07 Juli 2017•Update: 07 Juli 2017
Shenny Fierdha
DEPOK
Direktur Pusat Kajian Timur Tengah dan Islam Universitas Indonesia (PKTTI-UI) Dr. Abdul Muta’ali mengatakan krisis Qatar kemungkinan besar tidak akan meningkat sampai ke tahap agresi militer.
“Saudi akan sangat-sangat berhitung ketika pemutusan diplomatik ini, apalagi ke-13 syarat ini ditolak oleh Qatar. [Maka itu] saya kira tidak akan sampai ke level agresi militer karena yang akan dirugikan adalah seluruh dunia Islam. Masalah Arab Spring saja belum selesai,” kata Muta’ali kepada Anadolu Agency, Jum’at (7/7) di Mesjid UI, Depok, Jawa Barat.
Arab Spring merupakan revolusi di kawasan negara Timur Tengah yang meletus pada 2010 dan berujung pada konflik berdarah berkepanjangan.
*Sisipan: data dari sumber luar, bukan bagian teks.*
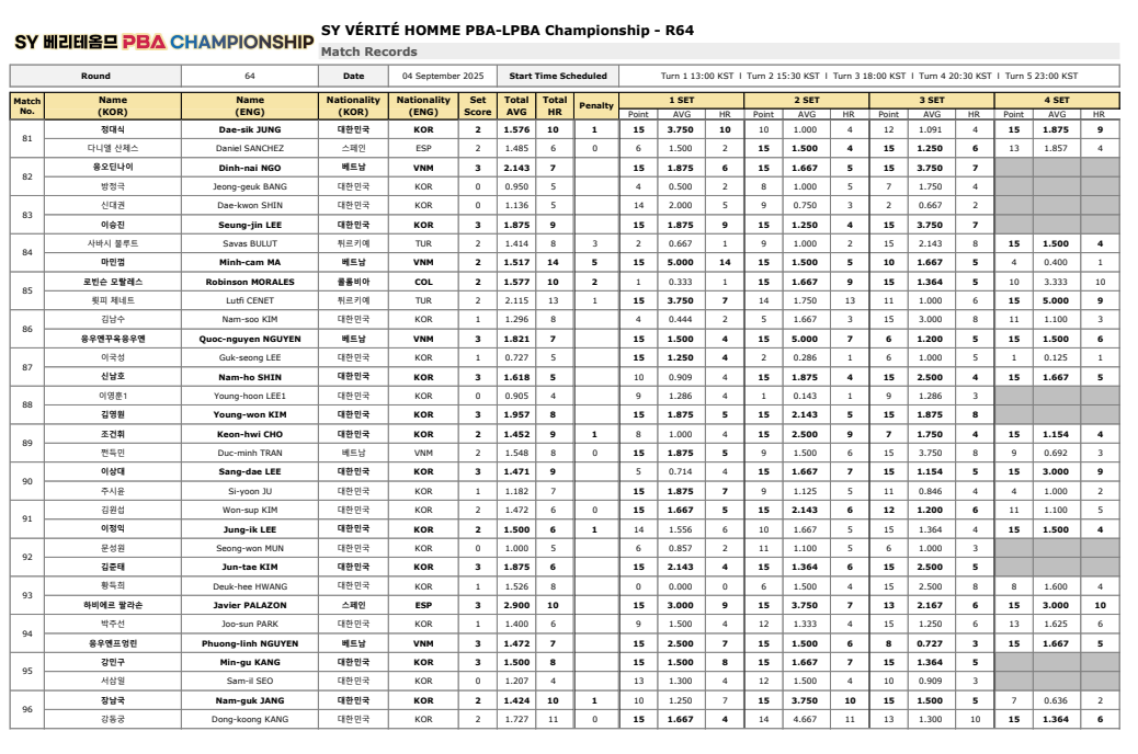 1. SY 베리테옴므 PBA 챔피언십 64강 경기결과

“Saya awalnya mengira masalah Arab Spring ini hanya menghajar negara-negara Timur Tengah yang berbasis republik saja. Saya kira masalah Arab Spring ini belum selesai,” jelas pakar politik Timur Tengah ini.
Muta’ali menilai, pemulihan krisis Suriah saja bisa memakan waktu 500 tahun, sedangkan Yaman butuh waktu 200 tahun dan Libya 150 tahun.
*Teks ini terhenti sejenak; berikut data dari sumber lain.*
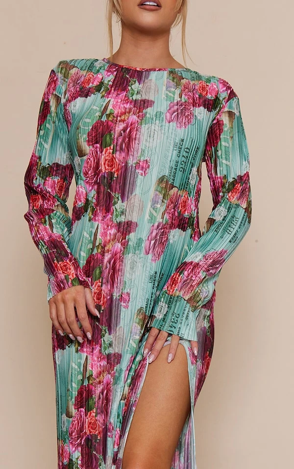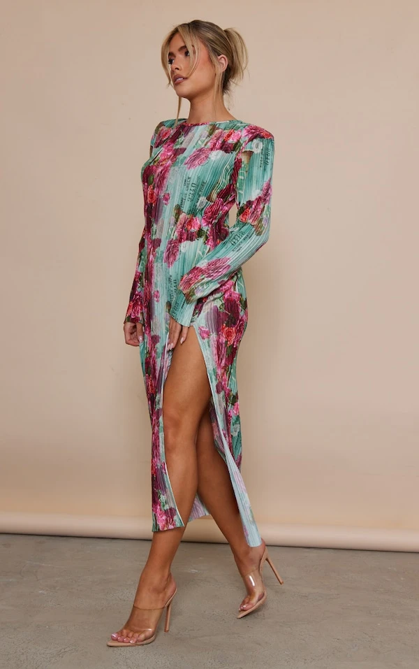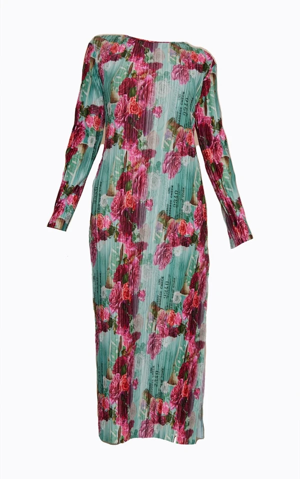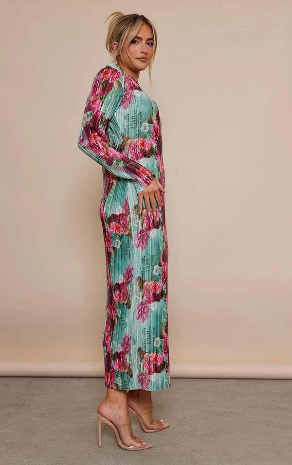 Robe mi-longue plissée rose imprimé roses à manches longues et fente

“Ketika pemutusan diplomasi Riyadh dengan Doha ini sampai kepada agresi militer, saya kira akan sempurna lah konflik Timur Tengah. Timur Tengah akan menjadi kuburan massal,” papar dia.
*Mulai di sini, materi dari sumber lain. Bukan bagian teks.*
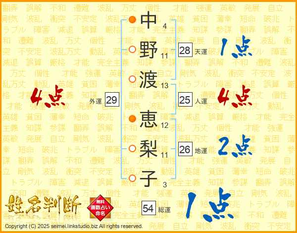 中(4画)野(11画)渡(13画) 恵(12画)梨(11画)子(3画)

Ketika ditanya apakah masalah tersebut bisa berujung ke Perang Dunia III, Muta’ali mengatakan hal itu sangat mungkin. Walau begitu, hal ini masih bisa dicegah.
“Yang diperlukan adalah masing-masing menjaga diri, menahan emosi. G-20 harus menjadi ajang bagi Indonesia untuk menginisiasi trilateral. Indonesia harus bicara hati ke hati kepada Turki karena Turki betul-betul mem-backing [membela] Qatar, dan Indonesia harus bicara hati ke hati kepada Riyadh,” tutupnya.
Sejak awal Juni 2017, sejumlah negara Arab termasuk Arab Saudi dan Uni Emirat Arab memutus hubungan diplomatik dengan Qatar dan menuding Qatar mendukung kelompok-kelompok teroris seperti Negara Islam di Irak dan Suriah (ISIS).
Di akhir Juni, negara-negara tersebut mengajukan 13 tuntutan kepada Qatar dan Qatar diberi waktu lebih dari satu minggu untuk merespons. Qatar telah menunjukkan penolakannya terhadap tuntutan tersebut.